Starting at the line that contains "Совместные покупки Магнитогорск", write out every line to the end of the records below exactly, and leave out the pictures.

[[ Extracted data, beginning ]]

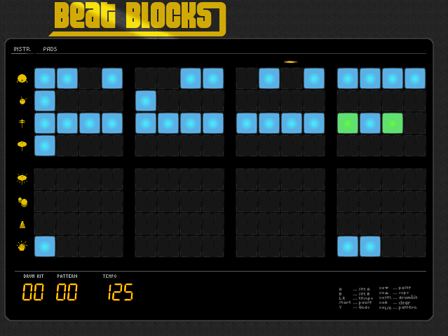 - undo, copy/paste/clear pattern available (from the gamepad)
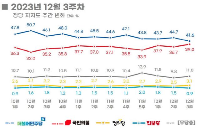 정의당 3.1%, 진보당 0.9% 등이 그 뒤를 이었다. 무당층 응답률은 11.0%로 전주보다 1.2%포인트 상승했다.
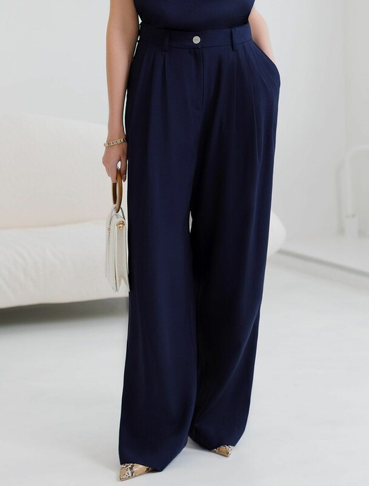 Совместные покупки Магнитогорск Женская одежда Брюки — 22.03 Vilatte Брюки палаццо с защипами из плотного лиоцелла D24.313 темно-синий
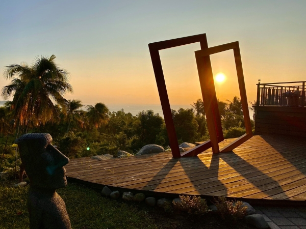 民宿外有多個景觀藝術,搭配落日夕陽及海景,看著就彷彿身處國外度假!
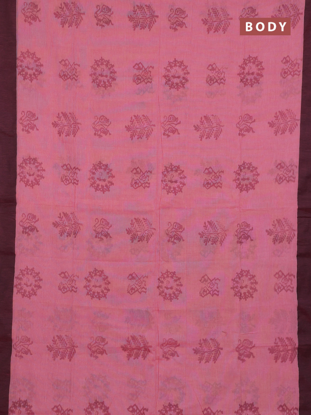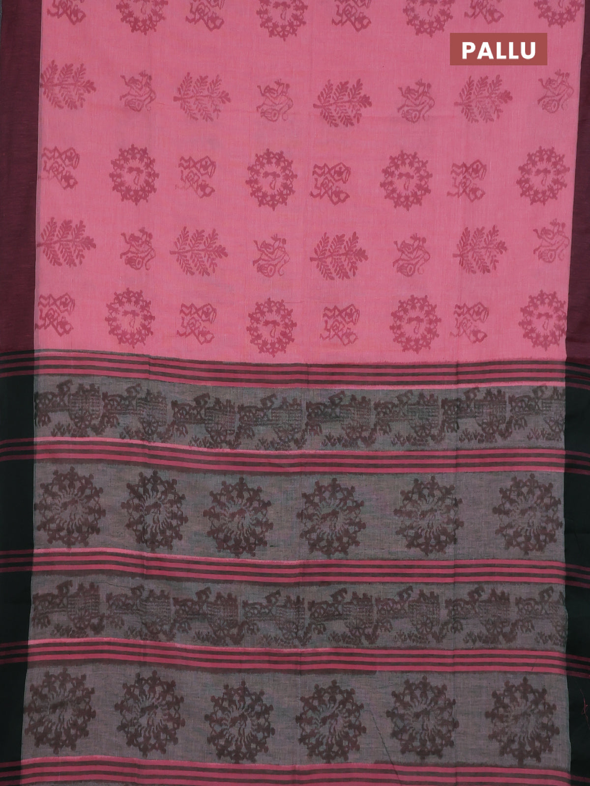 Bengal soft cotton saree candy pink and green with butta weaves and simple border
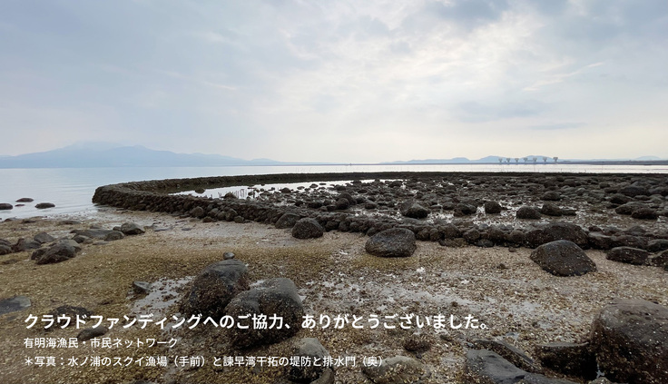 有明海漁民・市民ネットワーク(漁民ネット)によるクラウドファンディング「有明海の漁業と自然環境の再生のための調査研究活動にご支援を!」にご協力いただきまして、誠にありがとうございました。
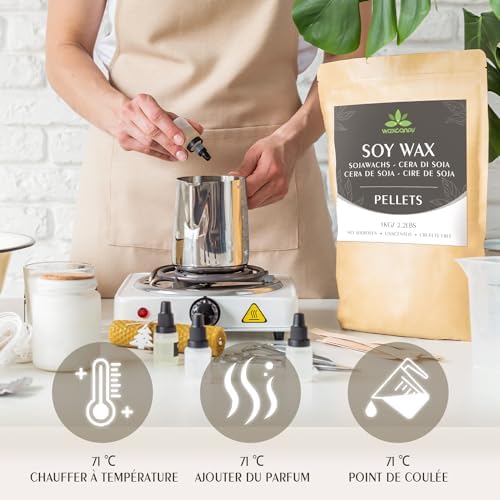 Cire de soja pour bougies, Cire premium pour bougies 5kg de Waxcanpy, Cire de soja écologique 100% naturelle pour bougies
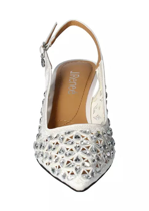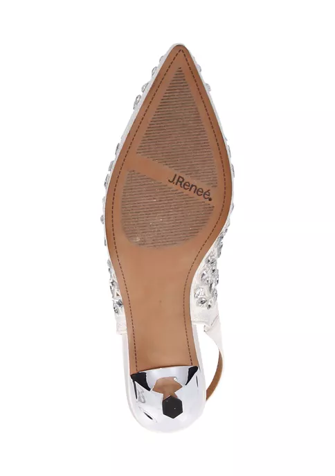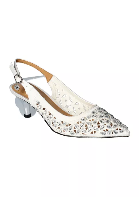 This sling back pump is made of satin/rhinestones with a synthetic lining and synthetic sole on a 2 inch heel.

[[ Extracted data, end ]]

## Your response
 Совместные покупки Магнитогорск Женская одежда Брюки — 22.03 Vilatte Брюки палаццо с защипами из плотного лиоцелла D24.313 темно-синий
 民宿外有多個景觀藝術,搭配落日夕陽及海景,看著就彷彿身處國外度假!
 Bengal soft cotton saree candy pink and green with butta weaves and simple border
 有明海漁民・市民ネットワーク(漁民ネット)によるクラウドファンディング「有明海の漁業と自然環境の再生のための調査研究活動にご支援を!」にご協力いただきまして、誠にありがとうございました。
 Cire de soja pour bougies, Cire premium pour bougies 5kg de Waxcanpy, Cire de soja écologique 100% naturelle pour bougies
 This sling back pump is made of satin/rhinestones with a synthetic lining and synthetic sole on a 2 inch heel.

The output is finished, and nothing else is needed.